■ **INFORMATION GIVEN**
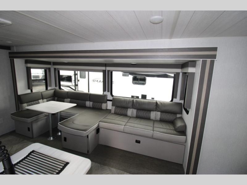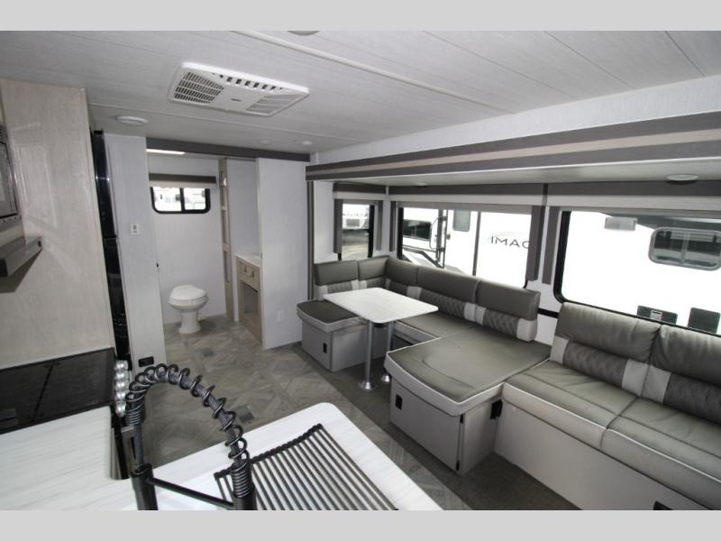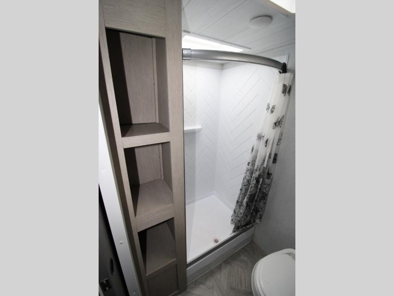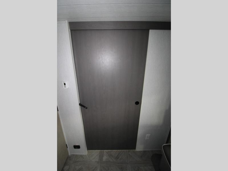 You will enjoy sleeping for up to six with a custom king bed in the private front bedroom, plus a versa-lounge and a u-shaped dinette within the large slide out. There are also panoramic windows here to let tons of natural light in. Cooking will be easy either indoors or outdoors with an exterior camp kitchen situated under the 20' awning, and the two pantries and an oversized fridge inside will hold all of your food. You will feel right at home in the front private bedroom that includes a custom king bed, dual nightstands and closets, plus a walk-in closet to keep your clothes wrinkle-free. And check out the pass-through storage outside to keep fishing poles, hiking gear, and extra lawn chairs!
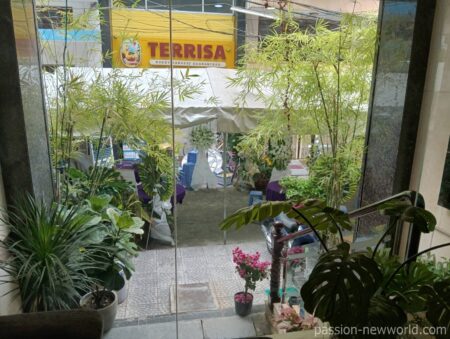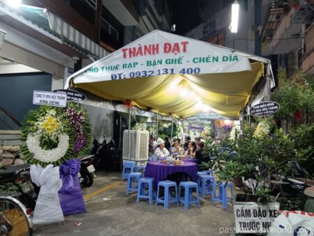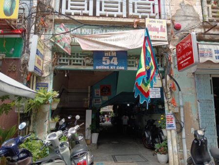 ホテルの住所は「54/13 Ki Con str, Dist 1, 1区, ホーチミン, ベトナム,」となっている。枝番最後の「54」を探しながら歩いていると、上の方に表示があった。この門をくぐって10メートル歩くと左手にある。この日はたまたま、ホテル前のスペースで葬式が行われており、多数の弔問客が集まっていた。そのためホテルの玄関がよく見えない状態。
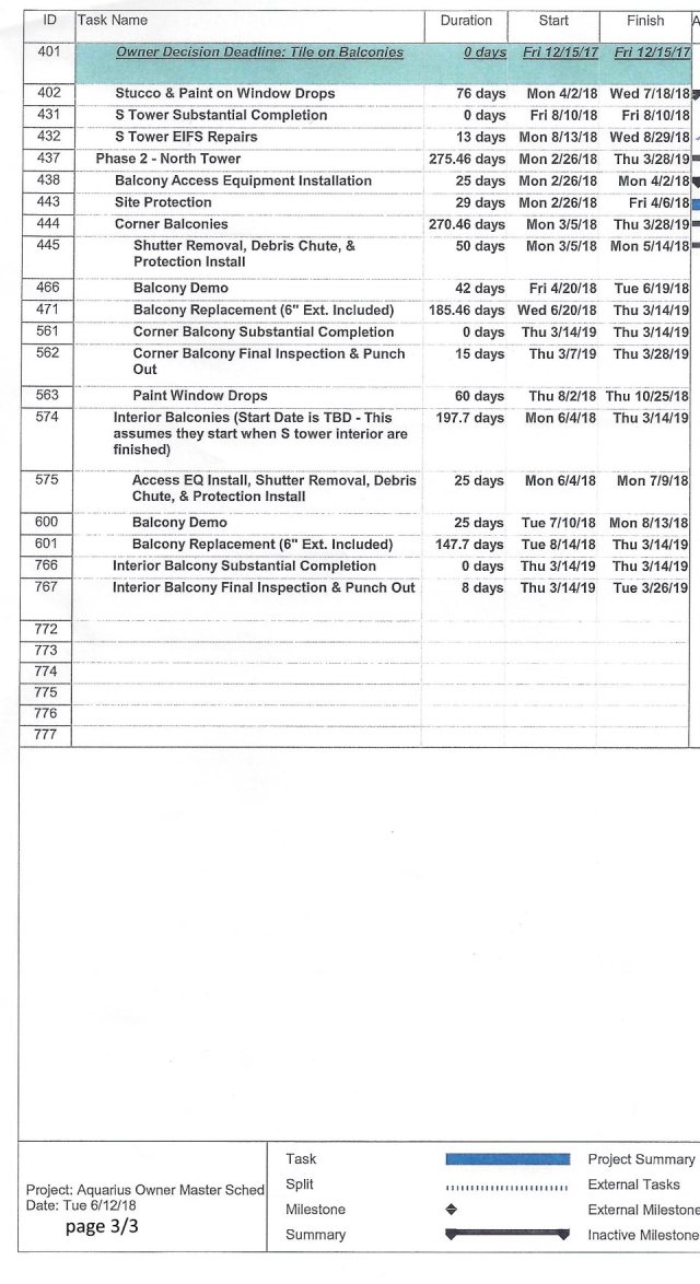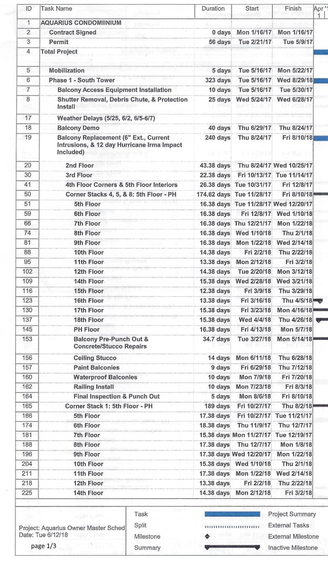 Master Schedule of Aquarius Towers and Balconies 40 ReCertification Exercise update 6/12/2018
...
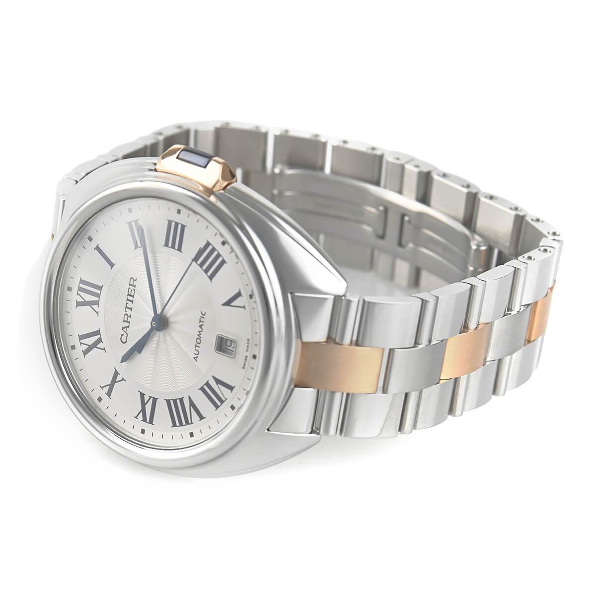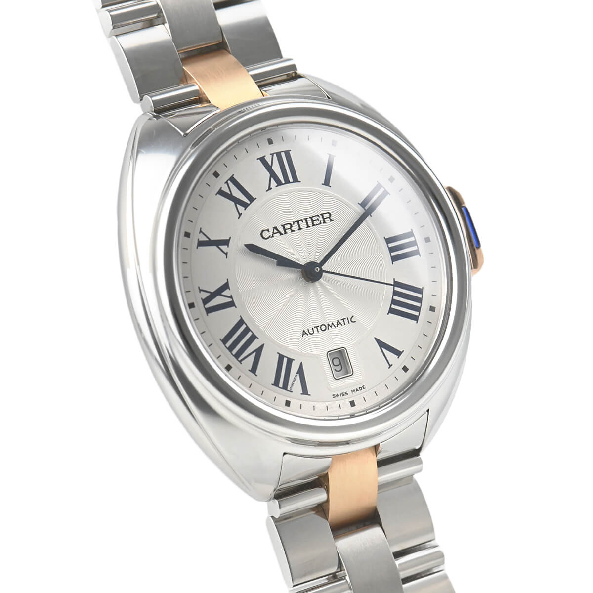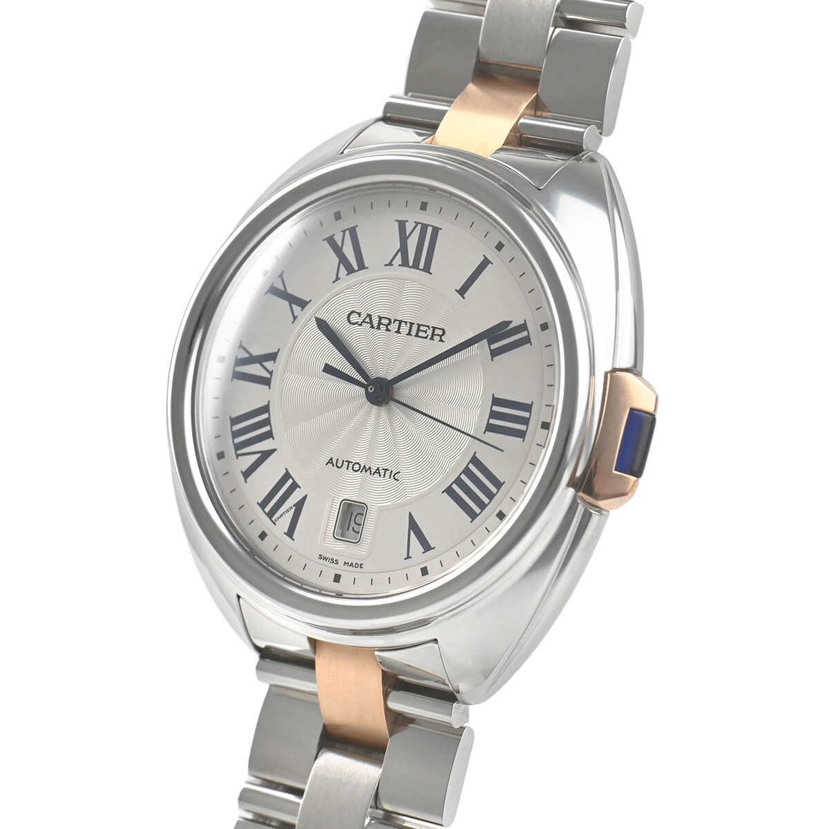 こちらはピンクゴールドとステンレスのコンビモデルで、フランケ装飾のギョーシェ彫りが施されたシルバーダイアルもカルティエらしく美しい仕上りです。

■ **WHAT TO PRODUCE**
Would you set down only the lines above from the line with "You will enjoy" to the line with "Master Schedule of", both included, exactly as they stand and without the pictures?

■ **EXERCISE RESPONSE**
 You will enjoy sleeping for up to six with a custom king bed in the private front bedroom, plus a versa-lounge and a u-shaped dinette within the large slide out. There are also panoramic windows here to let tons of natural light in. Cooking will be easy either indoors or outdoors with an exterior camp kitchen situated under the 20' awning, and the two pantries and an oversized fridge inside will hold all of your food. You will feel right at home in the front private bedroom that includes a custom king bed, dual nightstands and closets, plus a walk-in closet to keep your clothes wrinkle-free. And check out the pass-through storage outside to keep fishing poles, hiking gear, and extra lawn chairs!
 ホテルの住所は「54/13 Ki Con str, Dist 1, 1区, ホーチミン, ベトナム,」となっている。枝番最後の「54」を探しながら歩いていると、上の方に表示があった。この門をくぐって10メートル歩くと左手にある。この日はたまたま、ホテル前のスペースで葬式が行われており、多数の弔問客が集まっていた。そのためホテルの玄関がよく見えない状態。
 Master Schedule of Aquarius Towers and Balconies 40 ReCertification Exercise update 6/12/2018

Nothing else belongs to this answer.